During her PhD at DCU and Macquarie University in Sydney, Australia, Lynn developed parsing software that could ‘learn’ about the structures of sentences in Irish. “A parser is a tool that reads through a sentence and breaks it up into syntactic structure – the subject, the object and the prepositional phrase and so on,” she explained.

But the Irish language has particular features that can differ quite substantially from English.

For example, Irish has two forms of the verb to be ­– and Is – and the correct one to use depends on the context, notes Lynn. We also tend to ‘cleft’ sentences in Irish, fronting the information in a particular way: in Irish the structure might be ‘It was herself who answered the door’ and in English it is more likely to be ‘she answered the door’.

Lynn’s doctoral research, which could ultimately support better online translations into Irish, analysed a body of 1000 Irish-language sentences, ‘teaching’ the software about the relationships between the words.
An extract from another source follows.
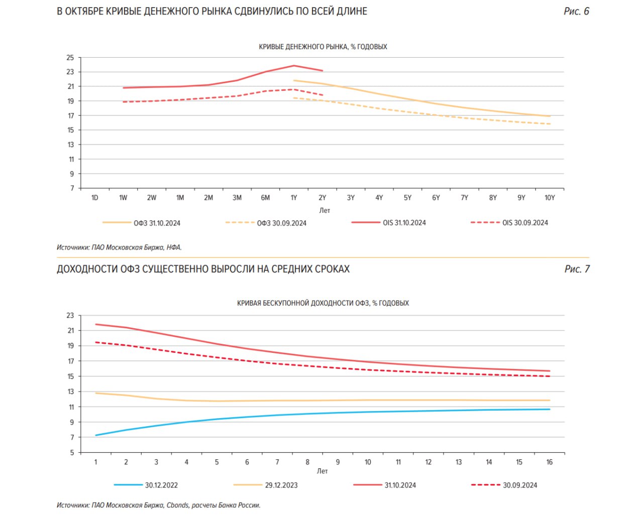 ● Ставки денежного рынка от 6 месяцев превысили уровень в 23% - плюс 2.7 п.п к сентябрю. Ввиду значительного смещения баланса рисков в сторону проинфляционных рынок допускает, что пик ужесточения ДКП еще не пройден.

Now a post-doc at DCU, she is helping to develop Tapadóir, an in-house machine translation system for the Department of Arts, Heritage and the Gaeltacht, which is tailored to nuances of the written material the Department encounters.

“To train a general machine translation system you give it large amounts of parallel data – the English text and the equivalent Irish text,” explained Lynn. “But if you want it to work well in more specific environments, you can then tune a system to a certain type of text and genre.”

Love of Irish

Growing up in Drogheda, Lynn credits her father’s interest in languages and a trip to the Gaeltacht in Gweedore, Co Donegal, as inspirations to love Irish. But when it came to university, she chose to study applied computational linguistics at DCU.

That led her to work in software localisation and, when working in Melbourne, Australia, on a machine translation system from Tagalog (Filipino) into English she realised she could use her skills to improve machine translation for the Irish language too.

Next stop was her PhD in DCU and Sydney, during which she was involved in a project to automatically live-translate tweets about the soccer World Cup finals in 2014 in Brazil. That sparked an interest in language use on social media, which led to her undertaking a Fulbright scholarship with Prof Kevin Scannell in St Louis University to analyse Irish language use on social media.

Tweeting as Gaeilge

The colloquialism and ‘noisiness’ of social media content provided Lynn with an extra edge to her work. “I had been analysing text from newswire and literature, which was all well-structured,” she recalled.

But for this work she analysed a corpus of 1500 Irish-language tweets, and found that tweeters were coming up with new and interesting twists on the Irish language.

“People were using a mix of English and Irish words in sentences and there were new variations in the way people were spelling things,” she said, recalling how she looked at a tweeted word ‘áicbheaird’ for quite a while before realising what it meant. Awkward.

“There were lots of cute little things like that, and it made me realise that Irish isn’t old and dated, and that people were being creative with it online,” said Lynn, pointing out that languages tend to change over time. “Language is a tool for communication. We don’t speak English in the same way that Shakespeare wrote it.”

Bígí ag tweetáil

Lynn is now working on a national strategy for Irish language technology, and she recently gave a TEDx Fulbright talk about the use of the language in social media (which itself has been translated into other languages).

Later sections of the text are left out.